The U.S. and Israel combined to attack Iran in June during a 12-day conflict that killed some 1,100 Iranians and saw strikes against Iran’s key nuclear facilities, its air defense network and prominent military and Islamic Revolutionary Guard Corps (IRGC) sites around the country.
Senior military, IRGC and nuclear research personnel were among those killed. Retaliatory missile attacks by Iran killed 28 people in Israel.
In the lead up to and during the June conflict, Netanyahu repeatedly hinted that Israel may pursue a regime change strategy in Iran, seeking to topple the Khamenei-led theocracy there. “This is your opportunity to stand up,” Netanyahu said in an address to Iranians during the war.
Trump even raised the prospect of killing Khamenei in the days before the U.S. joined Israel’s campaign. “We know exactly where the so-called ‘Supreme Leader’ is hiding,” Trump wrote on social media. “He is an easy target, but is safe there — We are not going to take him out (kill!), at least not for now.”
The months since the conflict have seen little progress on a new deal to constrain Iran’s nuclear program or cap its ballistic missile arsenal — two goals long expressed by Trump.
Earlier this month, Trump said that Iran “can try” to rebuild its ballistic missile program, but “it’s going to take them a long time to come back.”
“But if they do want to come back without a deal, then we’re going to obliterate that one, too,” Trump said. “You know, we can knock out their missiles very quickly, we have great power.”
Netanyahu will meet with Trump on Monday shortly after Iran conducted a major military exercise involving ballistic missiles. Referring to recent Iranian activity, Netanyahu warned last week that “any action against Israel will be met with a very severe response.”
At home, the Iranian regime faces serious economic challenges as the country’s currency — the rial — edged lower over recent weeks, causing widespread dissatisfaction and protests.

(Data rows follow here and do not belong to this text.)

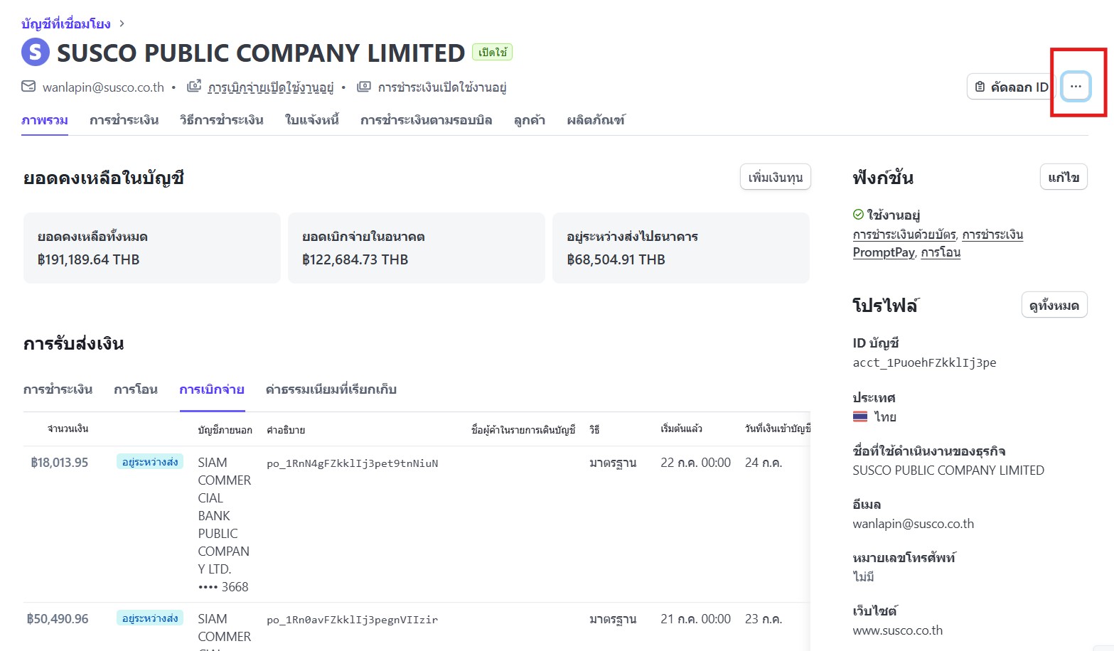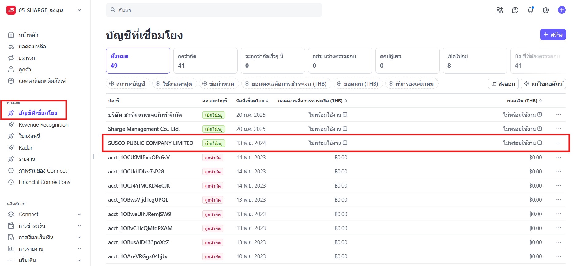 1. ตรวจสอบลูกค้าใช้บริการสถานีใดในระบบ CMS หากเป็นการใช้บริการสถานีปั้ม Susco จากนั้นเข้าสู่ระบบ Stripe เพื่อเลือกกระเป๋า 05_SHARGE_ลงทุน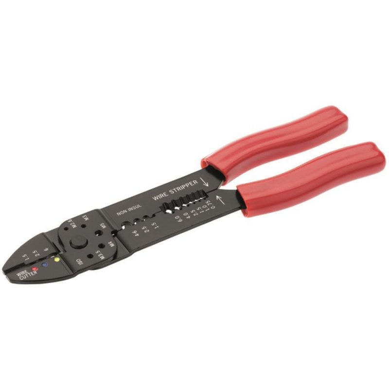 Presszange ECONOMY für isolierte und nicht isolierte Kabelschuhe, mit Draht- und Schraubenabschneider bis M 5, sowie Abisoliervorrichtung 0,5-6 mm 2 , Pressung von Litze und Kabelisolation erfolgt in 2 Arbeitsgängen Geeignet für Kabelschuhe und Verbinder Pressform Ovalpressung Querschnitt 0.5 - 6 qmm Min. AWG-Größe sonstige Max. AWG-Größe 10 Länge 220 mm Mit Sperrvorrichtung (bei mechanischen Werkzeugen) nein Ausführung/Betätigung mechanisch Einsätze auswechselbar nein Mit automatischem Rücklauf nein - Install.Baumaterial Werkzeug Messgeräte Werkzeug - Cimco Presszange IS 220mm 101892 0,5-6qmm Ovalpressung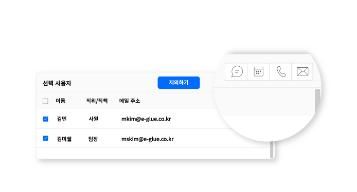 3. 선택 사용자로 이동한 동료 직원들을 선택한 후 원하는 커뮤니케이션 방법을 선택해 소통합니다.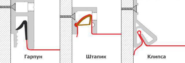 Les schémas d'installation et les méthodes de fixation d'un plafond tendu sont différents. Vous pouvez assembler la structure à l'aide d'un harpon, d'une parclose ou d'une serrure à clip. Chaque type d'attachement a ses propres caractéristiques.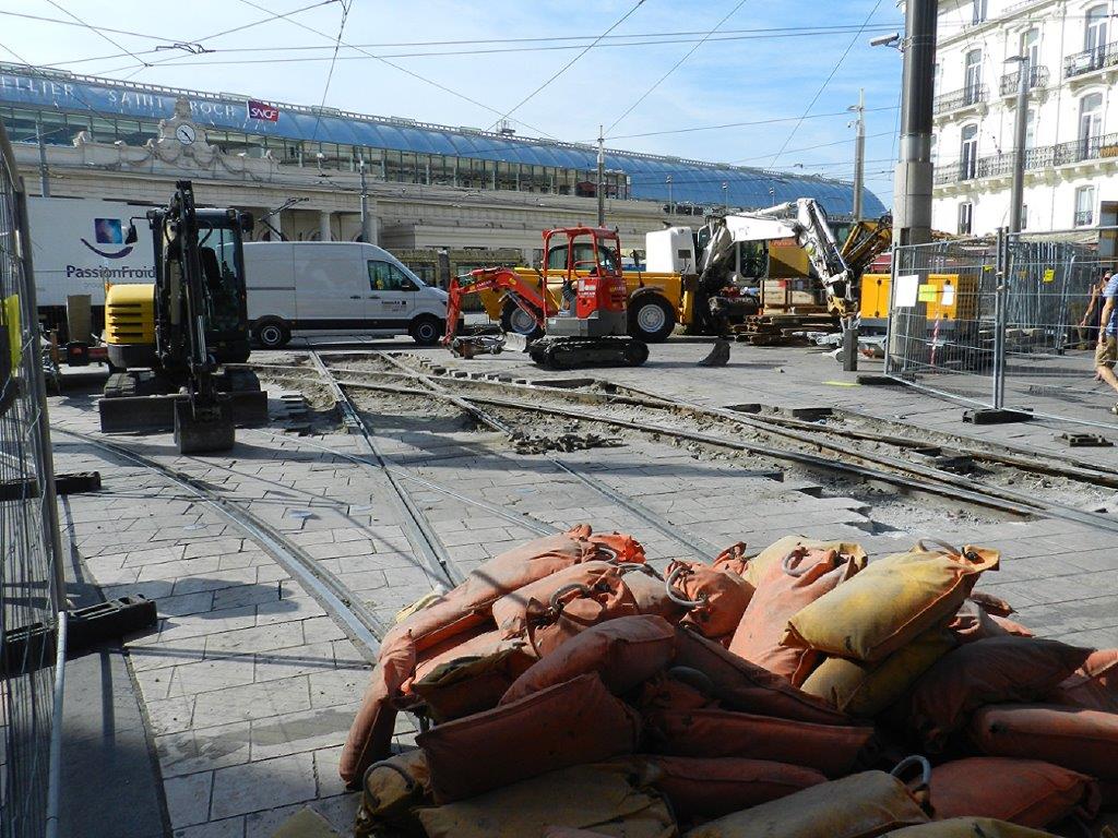 Autre aperçu du chantier de rénovation de la voie ferrée du tramway, place Auguste-Gibert à Montpellier, côté rue Maguelone, le mardi 13 août 2019. Copyright : Anje34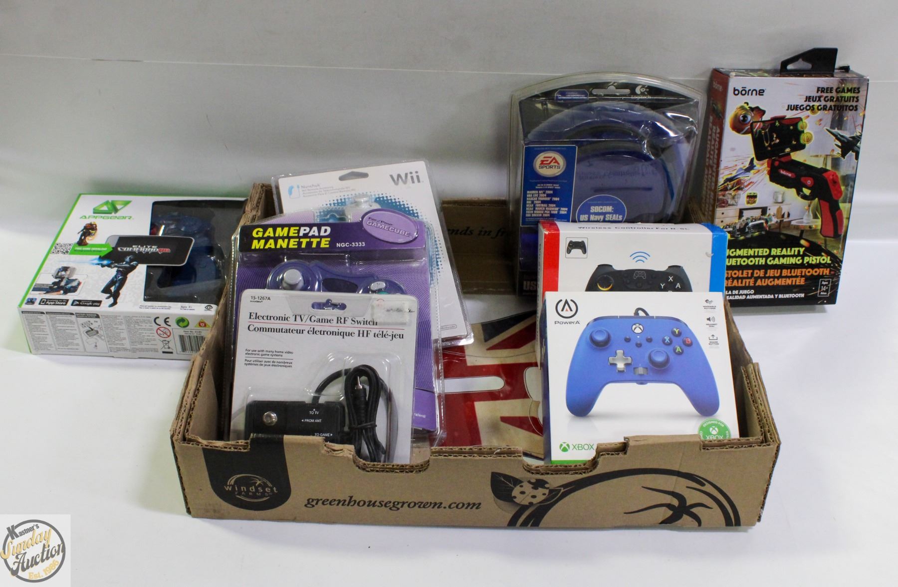 XBOX ENCHANCED WIRED CONTROLLER (MISSING COED), WIRELESS CONTROLLER FOR N-SL, SEALED NUNCHUK WII REMOTE, SEALED GAMEPAD MANETTE, SEALED GEL SKIN'S GUITAR & MORE **ALL ITEMS MUST BE REMOVED BY 5PM SATURDAY, NOVEMBER 15TH 2025. ALL REMAINING ITEMS WILL BE SUBJECT TO A $6.00 PER DAY STORAGE CHARGE. ANY ITEMS REMAINING AFTER MONDAY, DECEMBER 1ST 2025 WILL BE CONSIDERED FORFEITED. NO REFUNDS WILL BE ISSUED FOR FORFEITED ITEMS. TO SCHEDULE A PICK UP APPOINTMENT CLICK HERE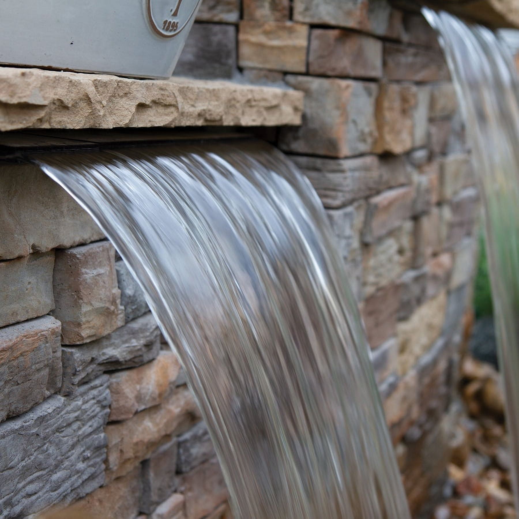 Atlantic 24″ Colorfalls – Ice Blue produces a sheer of lighted water emerging from a concealed source inside vertical walls Colorfalls adapt to any wall material – pavers, tile, brick, stone, wood – the only limit is your imagination Replaceable LED light bar Colorfalls feature a 5″ lip, 30′ power cord and includes a 12 volt outdoor transformer Complete your deisng with an Atlantic Formal Spillway Basin or Basin Kit

Over the weekend, groups of shop-owners closed their businesses in two large malls in downtown Tehran protesting the rapid drop in the value of the rial.
Pezeshkian was elected to replace late President Ebrahim Raisi — who died in a helicopter crash in 2024 — with the lowest turnout in the Islamic Republic’s presidential election history. He was widely seen as a moderate alternative to hardliners aligned with the IRGC.